Допущенные лица совершали первичный отбор того, что предположительно можно будет после соответствующей обработки ввести во внутренний оборот, сделать разрешенным. Такой обработкой мог быть пересказ, переложение на “наш” манер, изготовление копии – но уже с отечественными клеймами. Это могла быть и публикация, прямое копирование или цитирование произведения искусства, но непременно с предисловием или комментарием нашего авторитета. Тем самым ожидаемый вред от внедрения “чуждого” уменьшался. Так поступали с образчиками иностранной культуры, но таким же был и механизм выведения из зоны запретного образцов отечественной словесности или изобразительного искусства, например, поэзии или изобразительного искусства Серебряного века.
Система адаптации чуждых культурных образцов с территории заклятого врага – “Запада” – имела еще один канал. Советский Союз – наследник империи, которая развивалась по радиально-кольцевой схеме. Помимо колец внутренней фортификации, в том числе “союзных республик” вокруг РСФСР, по границам Союза была устроена буферная зона из “стран народной демократии”. В части контроля над культурой там были созданы аналоги того, что существовало в СССР, но в силу исторических и иных причин культурная близость этих стран к “Западу” была выше. С одной стороны, это требовало от следящих систем в СССР особого внимания, но с другой, позволяло использовать эти страны не только как барьер, но и как шлюз для ступенчатой адаптации западных образцов к требованиям охраняемой зоны. Стили и направления, моды и открытия шли по древней дороге из нечестивой Западной Европы в Польшу, из Польши в Литву, оттуда уже в Московию.
Я рос в среде, которая в основном и была связана с системами поиска, отбора и первичной адаптации культурных образцов с Запада. Это была среда интеллигенции, где знали иностранные языки, интересовались мировой культурой. Соответственно, культурные эталоны и образцы для этих людей были сосредоточены в “мировой”, а не в “социалистической культуре”, отношение к которой было по большей части ироническим. Тем не менее многие в этой среде имели допуск в “спецхран” и были, так сказать, облечены неким доверием. Это была подсистема, которая осуществляла первичный отбор. Ей могли быть даже доверены меры по первоначальной адаптации заимствуемых образцов, например, по переводу текстов на русский язык или по составлению комментария к ним. Но никогда этой системе и людям, в ней подвизавшимся, не отдавалось право окончательного отбора образцов, право принятия окончательного решения, что будет разрешенным, а что – нет.

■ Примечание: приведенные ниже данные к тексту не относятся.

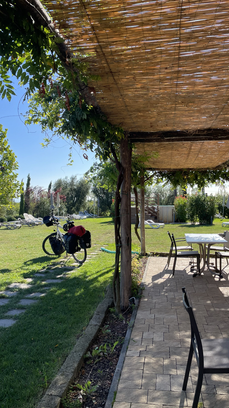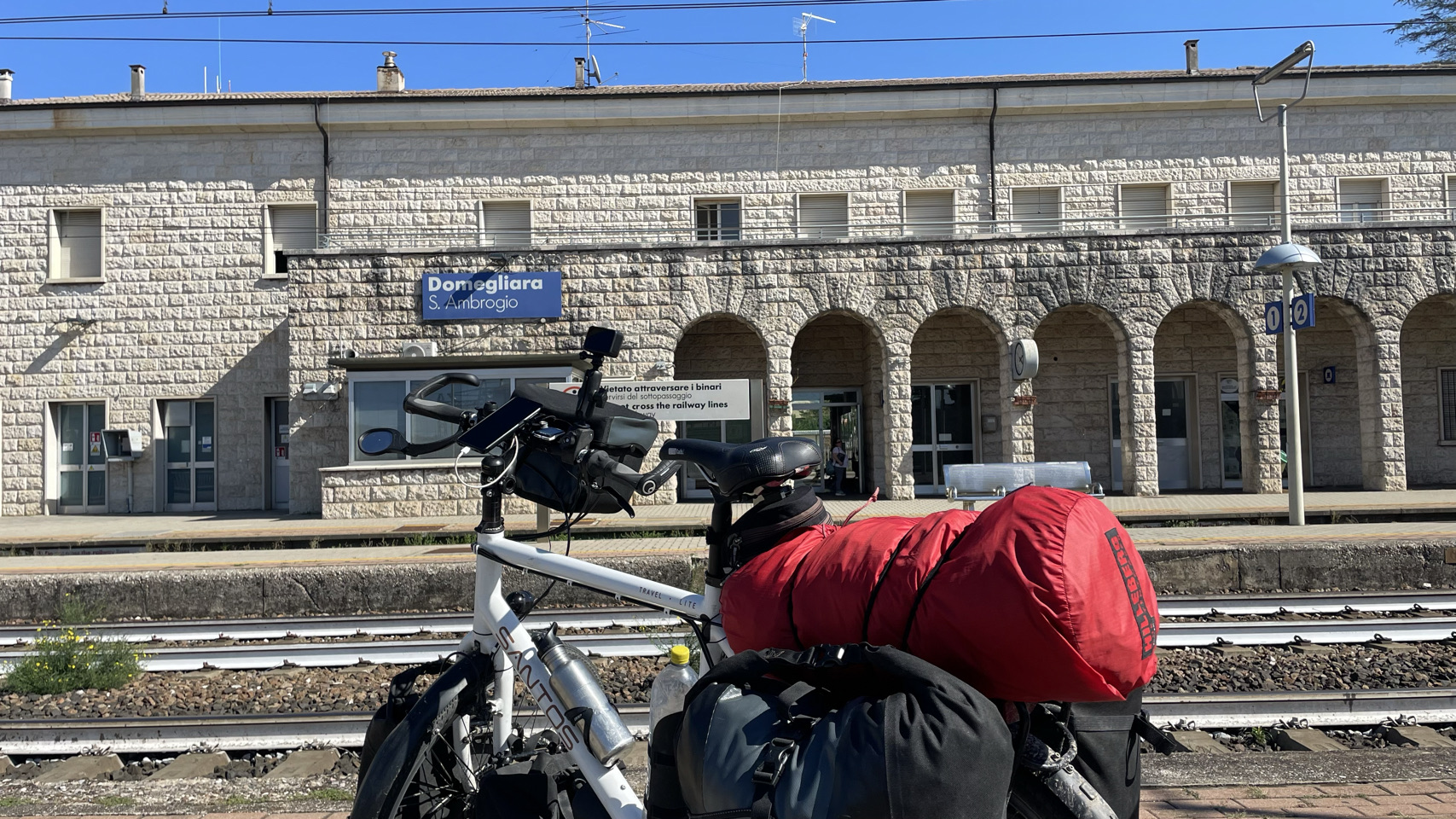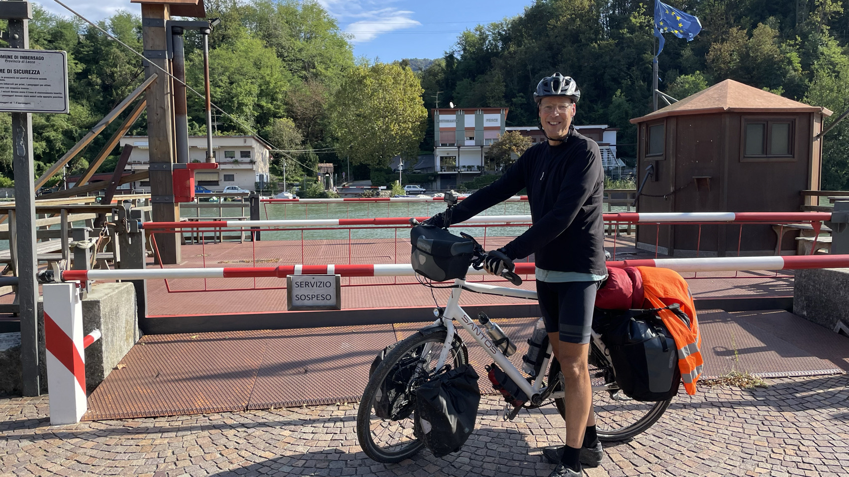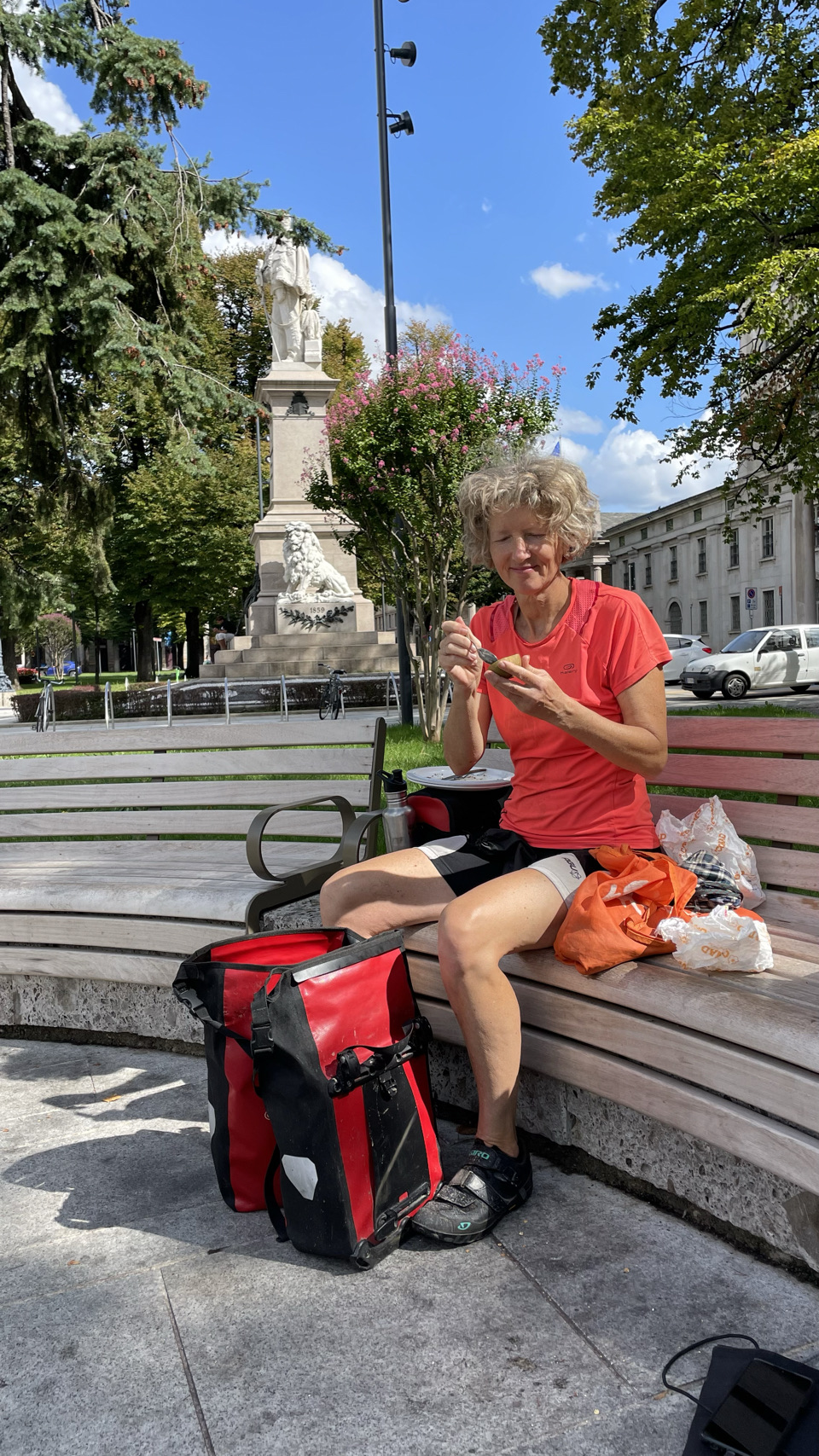 We worden wakker met een schuddende tent van de harde wind. Vóór de wekker van 7h30 staan we op, pakken alles alvast zoveel mogelijk in, want het is nog droog. We zien de Belgische studenten (net als gisteren bijna de hele dag) weer in de openbare ruimte. Zij gaan wandelen en wij gaan na het ontbijt op weg naar Lago d’Iseo. We volgen in de ochtend kilte de rivier de Adda zuidwaarts. Het pondje dat ons naar de andere kant had moet zetten blijkt buiten werking. We moeten dus verder en de volgende rivierovergang blijkt een prachtige brug, maar wel super hoog. We moeten een giga stijle weg omhoog fietsen (in het begin lukt dat nog), maar vooral duwen, zo stijl is deze weg. Met de bergen aan onze linker kant gaan we richting Bergamo, met veel “sluipdoor-kruipdoor” weggetjes. Al snel verschijnen de voorsteden van Bergamo. We kopen heerlijk bruinbrood bij de Lidl – best wel ons favoriete supermarkt o.a. vanwege hun heerlijke verse brood. Drinken 2 Americanos (espresso met extra heetwater) voor 2,60€ in totaal 😀. Lunch is in hartje Bergamo, maar wel op de fietsers manier (dus brood, beleg en water in het stadspark – zie foto). Met wat doorsteken en stukjes fietsen op grotere wegen weten we uiteindelijk na 80km bij Lago d’Iseo een camping te bereiken. Volop vergane glorie en vaste staanders, maar ja, we willen een plek voor de tent, eten en dan slapen. Prima dus. Morgen naar het Gardameer, waarbij we op zoek zullen gaan naar een camping niet direct aan het meer. Dat soort campings hebben we niet veel mee.
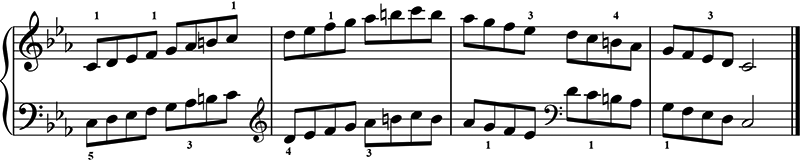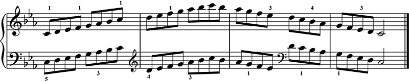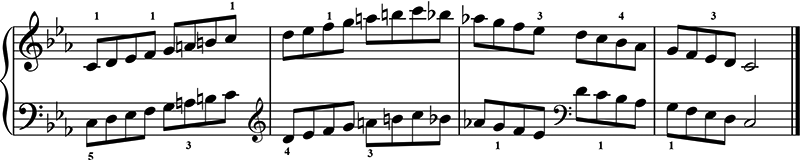 Minor scales are presented in the natural, harmonic, and melodic forms. Practice one scale for each form, but each tonal center must be different.

Люди, принимавшие такие решения, рекрутировались из совершенно других общественных слоев и продвигались по иным каналам. Для них мировая культура и культура Запада были тем, чего надо было прежде всего опасаться, от чего надо было закрываться, чему надо было противостоять. Их образцы и эталоны были “здесь”. По их представлению, они были патриотами, а описанная выше группа – космополитами. И хотя их точка зрения в разные периоды истории становилась в нашей стране господствующей, без постоянного импорта культурных и технологических образцов советская система могла просуществовать очень недолго. Периодически возникавшая установка на автаркию и изоляцию, на конфронтацию с Западом неизбежно сменялась периодом разрядки и оттепели, перестройки и модернизации.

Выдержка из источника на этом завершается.